▶ [Task to complete] An exact copy of the records is required, minus the pictures they hold.

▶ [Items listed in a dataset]
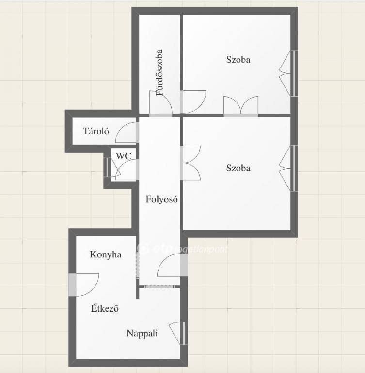 A lakás elrendezése: két tágas szoba, egy nappali és étkező, konyha, fürdőszoba és külön WC - mindez átgondolt, funkcionális térszervezéssel.
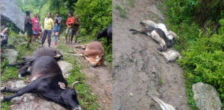 करेन्ट लागेर ताप्लेजुङको थिङलावुमा १० वटा पशुचौपाया मरे
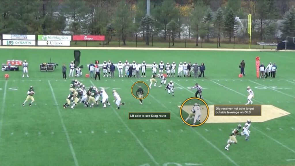 But now, here’s where his man pressure system progresses. Tango can often be used as a pressure check for any defender to pressure off a down tight end. Consider the scenarios below
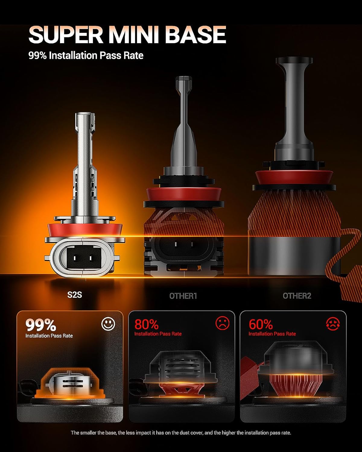 - Universal Compatibility: These S2S fog bulbs are designed to fit 99% of vehicles with built-in Canbus decoder that ensure no additional expense or concerns about flashing or failure.
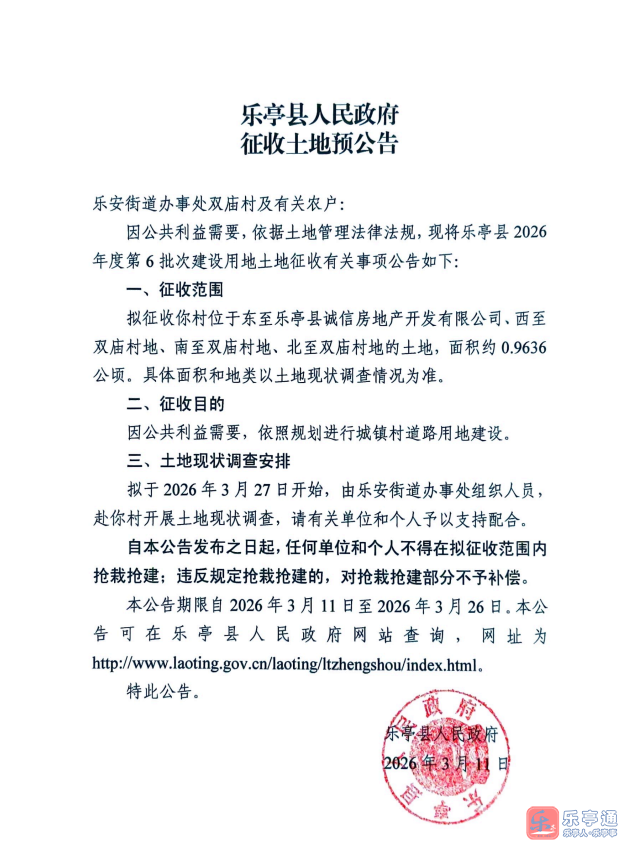 事关双庙村!乐亭县2026年度第6批次建设用地土地征收预公告
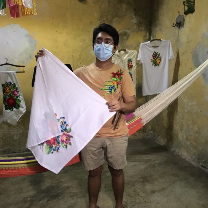 Mérida, Yucatán a 17 de marzo de 2022.- Brandon Pech es un joven autodidacta de 23 años originario de Acanceh que está no sólo rompiendo estereotipos si no que está recuperando la técnica del hilo contado.
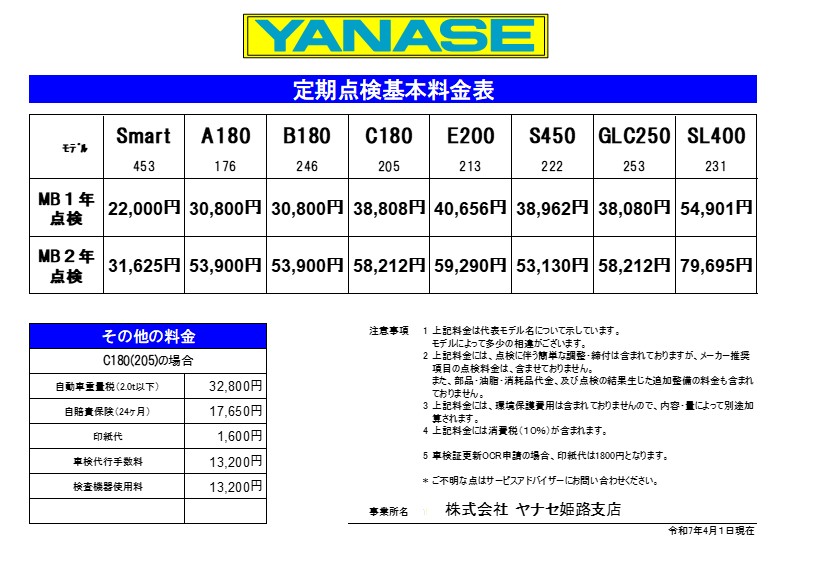 点検整備に係る作業料金表になります。
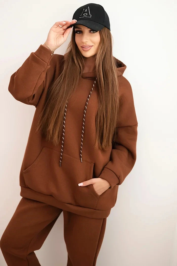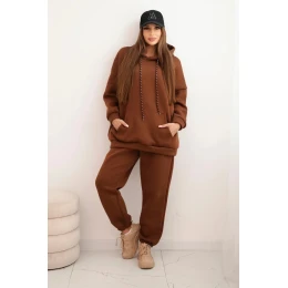 Dámský teplákový komplet model 21441628 z bavlny s kapucí camelový - K-Fashion

▶ [Exercise solution]
 A lakás elrendezése: két tágas szoba, egy nappali és étkező, konyha, fürdőszoba és külön WC - mindez átgondolt, funkcionális térszervezéssel.
 करेन्ट लागेर ताप्लेजुङको थिङलावुमा १० वटा पशुचौपाया मरे
 But now, here’s where his man pressure system progresses. Tango can often be used as a pressure check for any defender to pressure off a down tight end. Consider the scenarios below
 - Universal Compatibility: These S2S fog bulbs are designed to fit 99% of vehicles with built-in Canbus decoder that ensure no additional expense or concerns about flashing or failure.
 事关双庙村!乐亭县2026年度第6批次建设用地土地征收预公告
 Mérida, Yucatán a 17 de marzo de 2022.- Brandon Pech es un joven autodidacta de 23 años originario de Acanceh que está no sólo rompiendo estereotipos si no que está recuperando la técnica del hilo contado.
 点検整備に係る作業料金表になります。
 Dámský teplákový komplet model 21441628 z bavlny s kapucí camelový - K-Fashion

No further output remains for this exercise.